Kary 25 lat więzienia chciała prokuratura, obrona wnioskowała o uniewinnienie. Wyrok nie jest prawomocny. Do zbrodni doszło w lipcu ubiegłego roku. Według ustaleń śledztwa Prokuratury Rejonowej w Białymstoku, oskarżony działał z zamiarem bezpośrednim. Dokonał zabójstwa w ten sposób, że najpierw uderzył ofiarę butelką w głowę, powalając mężczyznę na ziemię, potem kopał go i bił pięściami po całym ciele (w tym po głowie), a potem jeszcze zdarł z niego ubranie i zadawał kolejne ciosy m.in. rozbitą butelką, okaleczając ciało.
Zakrwawione zwłoki znaleźli - w krzakach przy sklepie w Dziadkowicach - przechodnie.
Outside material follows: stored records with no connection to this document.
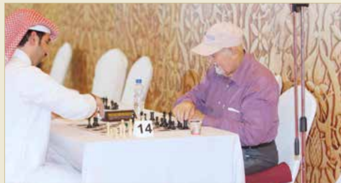
جانب من منافسات مهرجان ناصر بن حمد الرمضاني الشعبي
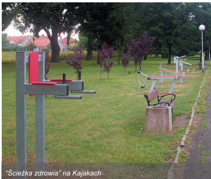
„Ścieżka zdrowia” na Kajakach
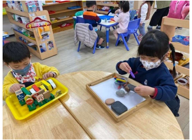
主題與學習區探索:數學、藝術
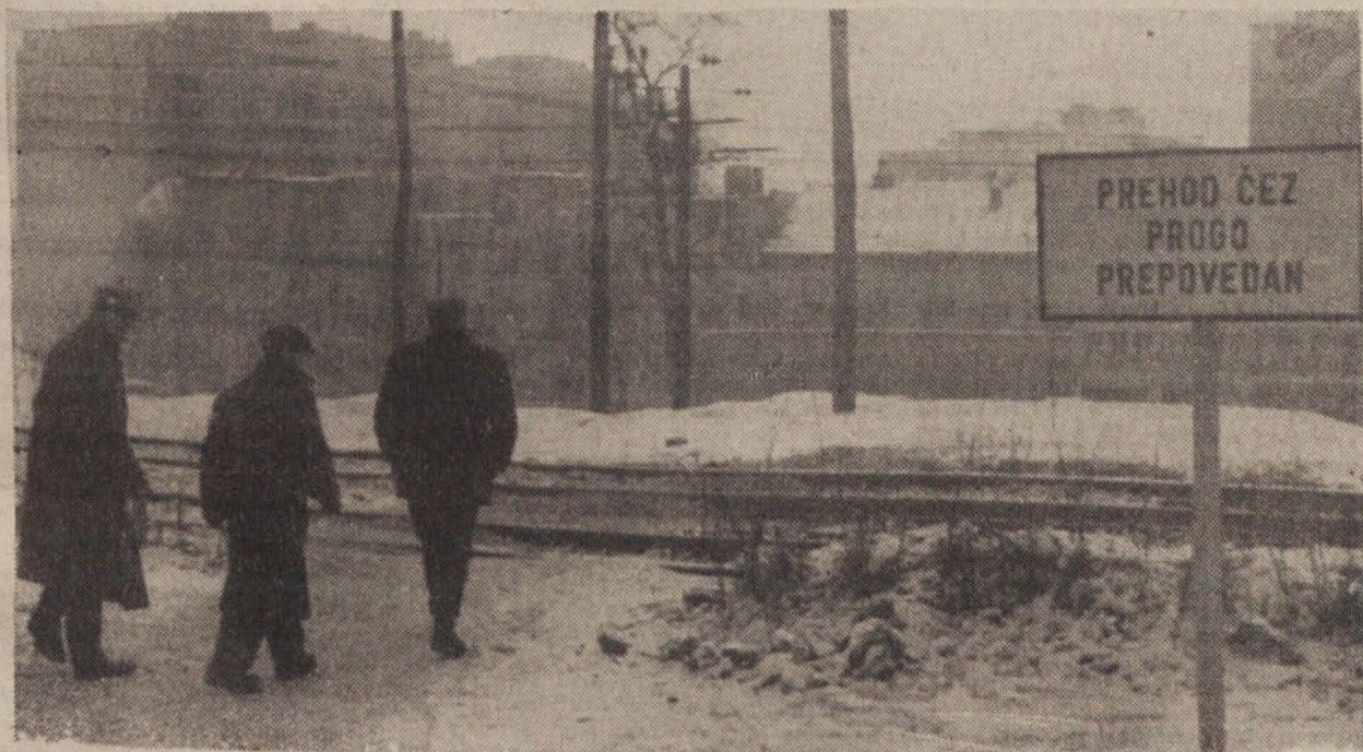
Odkar je začel delovati podvoz na Titovi cesti, je Parmova ulica postala slepa. To pomeni, da se konča pri železniških tirih. Železniško podjetje Ljubljana je z obeh strani opremilo nekdanji prehod z vidnimi tablami, na katerih jasno piše: PREHOD ČEZ PROGO PREPOVEDAN! Res da bi bila visoka ograja boljše sredstvo za zavarovanje proge; toda kakor železniško podjetje smo tudi mi mnenja, da ti dve tabli zadosti opozarjata na nevarnost prehoda preko tirov. To pa nikakor ne skrbi nekaterih ljudi, ki kar mirno prehajajo čez progo. Ko bo prišlo do nesreče bo prepozno, zato menimo, da bi nekdo kršilce lahko na mestu kaznoval z denarnimi kaznimi ali pa jih prijavil sodniku za prekrške
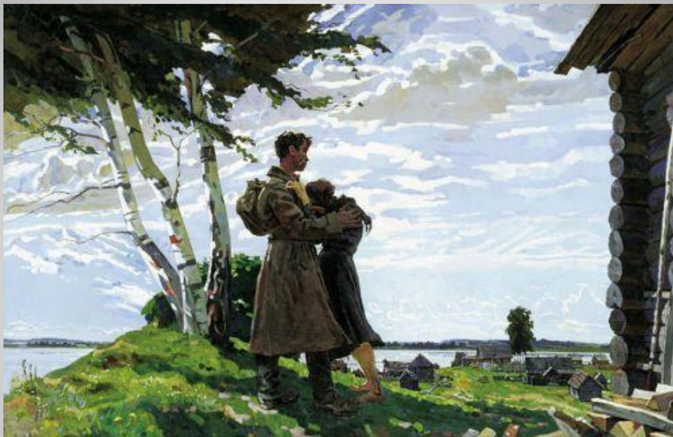
А. Горский «Без вести пропавший»
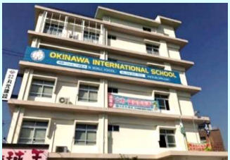
那覇市ではじめて設立されたインターナショナルスクールです。

英語環境での幼児保育を目的として設立された施設です。保育・幼稚部の他に小学・中学部も設置されています。入園者は日本人のお子様が多く、中には県外からも沖縄での教育を希望され移住されてくる方もいらっしゃるようです。小さなお子様のいる施設ですので、外部からの侵入の防止、また誤って子供たちが外に出してしまうことも防ぐことができ、より安心な環境整備にお役立ちさせていただきました。

Policja w związku ze sprawą zatrzymała początkowo czterech mężczyzn, wśród nich obecnego oskarżonego 42-latka. Według ustaleń śledczych, był on skonfliktowany z ofiarą i to mogło być motywem zbrodni. Kilka lat wcześniej był skazany za kradzież z włamaniem na jego szkodę. Zatrzymani byli w grupie mężczyzn, która niedaleko sklepu piła alkohol i to tam doszło do kłótni zakończonej zabójstwem.
Oskarżonemu groziło dożywocie, od zatrzymania jest tymczasowo aresztowany. Do zarzutów ostatecznie nie przyznał się, choć w pierwszych wyjaśnieniach to zrobił, ale twierdził że został wtedy do tego przymuszony przez policję.